During the first course of RT for brain metastases, 90 and 38 patients underwent WBRT and SRS/SRT, respectively. Patient characteristics are shown in Table 1. There were 48 patients (53%) who received WBRT at a prescribed dose of 30 Gy in 10 Fr, and 24 patients (27%) received WBRT and were prescribed 37.5 Gy in 15 Fr. Sixteen patients (42%) received SRS, and twenty-two (58%) received SRT.
3.2. Changes in TLC and Lymphopenia-Related Factors
The median (interquartile ranges [IQRs]) of the baseline TLC were 1325 (923–1799)/µL and 1298 (978–1524)/µL for WBRT and SRS/SRT, respectively. TLC values in WBRT were 946 (626–1316)/µL, 992 (675–1291)/µL, and 1075 (762–1435)/µL at 0–2 weeks, 2–4 weeks, and 4–8 weeks after brain RT, respectively (Figure 2). In the WBRT courses, significant decreases in TLC were observed at all time points (p < 0.001, p < 0.001, and p = 0.008, respectively). In the SRS/SRT courses, TLC values were 1392 (992–1705, p = 0.71)/µL, 1081 (823–1308, p = 0.18)/µL, and 1268 (921–1552, p = 0.79)/µL at 0–2 weeks, 2–4 weeks, and 4–8 weeks, respectively.

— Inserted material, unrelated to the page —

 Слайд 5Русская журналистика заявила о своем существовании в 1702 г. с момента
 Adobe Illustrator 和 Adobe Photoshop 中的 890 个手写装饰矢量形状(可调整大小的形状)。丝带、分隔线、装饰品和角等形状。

Univariate analysis of 128 patients showed that persistent lymphopenia was significantly associated with female sex, lower KPS scores, and prior history of RT and WBRT (Table 2). Multivariate analysis showed that female sex (odds ratio [OR], 3.72; 95% confidence interval [CI], 1.21–11.40; p = 0.022), prior history of RT (OR, 3.91; 95% CI, 1.27–12.10; p = 0.018), baseline TLC < 800/μL (OR, 14.40; 95% CI, 3.57–58.20; p < 0.001), and the utilization of WBRT (OR, 6.25; 95% CI, 1.23–31.70; p = 0.027) were significantly associated with persistent lymphopenia.
3.3. Overall Survival
The median potential follow-up according to the reverse Kaplan–Meier method was 23.1 and 31.1 months for the WBRT and SRS/SRT groups, respectively (Figure 3). Persistent lymphopenia was observed in 26 (29%) and 3 (8%) patients in the WBRT and SRS/SRT groups, respectively (Tables S1 and S2). In the WBRT group, the OS was significantly worse in patients with persistent lymphopenia than in those without, with median survival times of 2.6 and 6.1 months, respectively (p < 0.001). The median survival times in the SRS/SRT group were 7.2 months for those with persistent lymphopenia and 11.7 months for those without (p = 0.60).
3.4. PCI
In total, 21 patients received PCI, and 14 courses of PCI were included in the study (Figure S1 and Table S3). All patients were administered 25 Gy via 10 Fr.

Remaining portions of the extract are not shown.